» **Items listed in a dataset**
--------------------

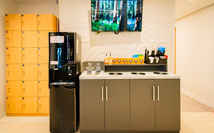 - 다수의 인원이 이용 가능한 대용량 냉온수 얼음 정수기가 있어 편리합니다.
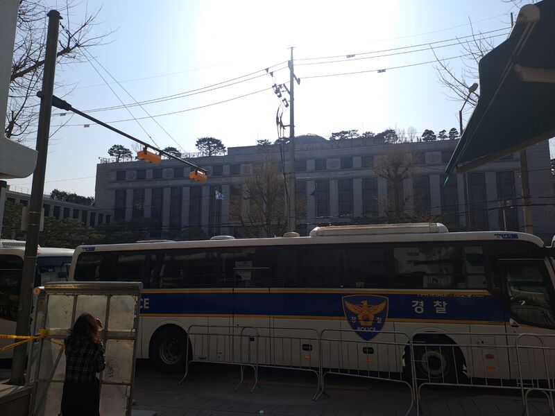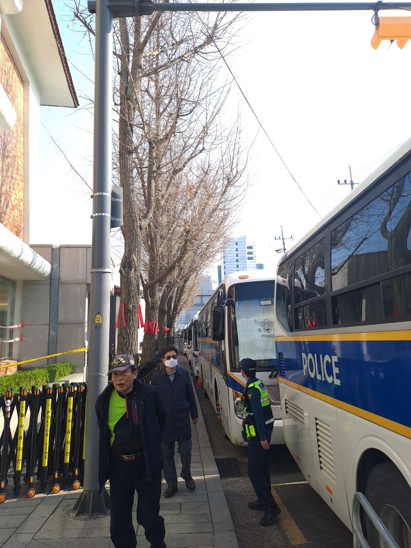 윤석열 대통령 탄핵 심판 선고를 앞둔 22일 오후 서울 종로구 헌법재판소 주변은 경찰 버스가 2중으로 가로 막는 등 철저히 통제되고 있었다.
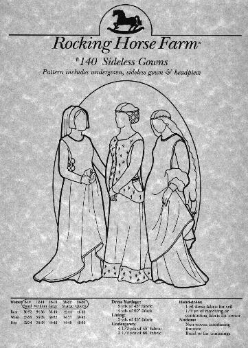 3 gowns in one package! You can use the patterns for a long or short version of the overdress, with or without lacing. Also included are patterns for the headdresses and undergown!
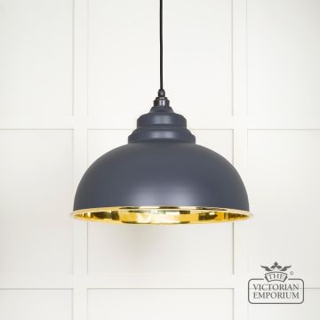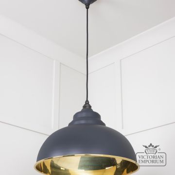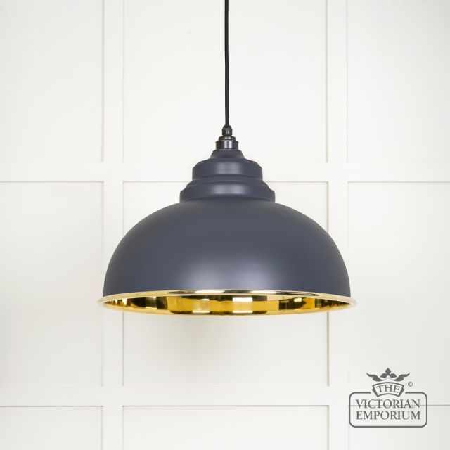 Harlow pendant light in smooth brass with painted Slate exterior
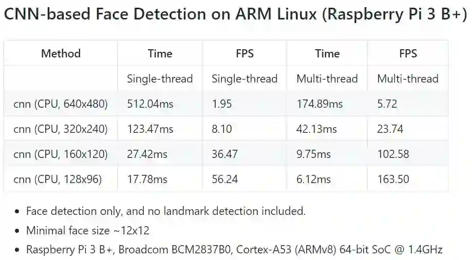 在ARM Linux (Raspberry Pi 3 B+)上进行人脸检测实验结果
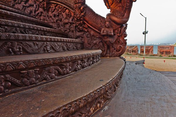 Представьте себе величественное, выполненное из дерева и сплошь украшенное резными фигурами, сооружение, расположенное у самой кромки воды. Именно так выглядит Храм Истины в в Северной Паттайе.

--------------------

Print the records verbatim, without pictures.

 - 다수의 인원이 이용 가능한 대용량 냉온수 얼음 정수기가 있어 편리합니다.
 윤석열 대통령 탄핵 심판 선고를 앞둔 22일 오후 서울 종로구 헌법재판소 주변은 경찰 버스가 2중으로 가로 막는 등 철저히 통제되고 있었다.
 3 gowns in one package! You can use the patterns for a long or short version of the overdress, with or without lacing. Also included are patterns for the headdresses and undergown!
 Harlow pendant light in smooth brass with painted Slate exterior
 在ARM Linux (Raspberry Pi 3 B+)上进行人脸检测实验结果
 Представьте себе величественное, выполненное из дерева и сплошь украшенное резными фигурами, сооружение, расположенное у самой кромки воды. Именно так выглядит Храм Истины в в Северной Паттайе.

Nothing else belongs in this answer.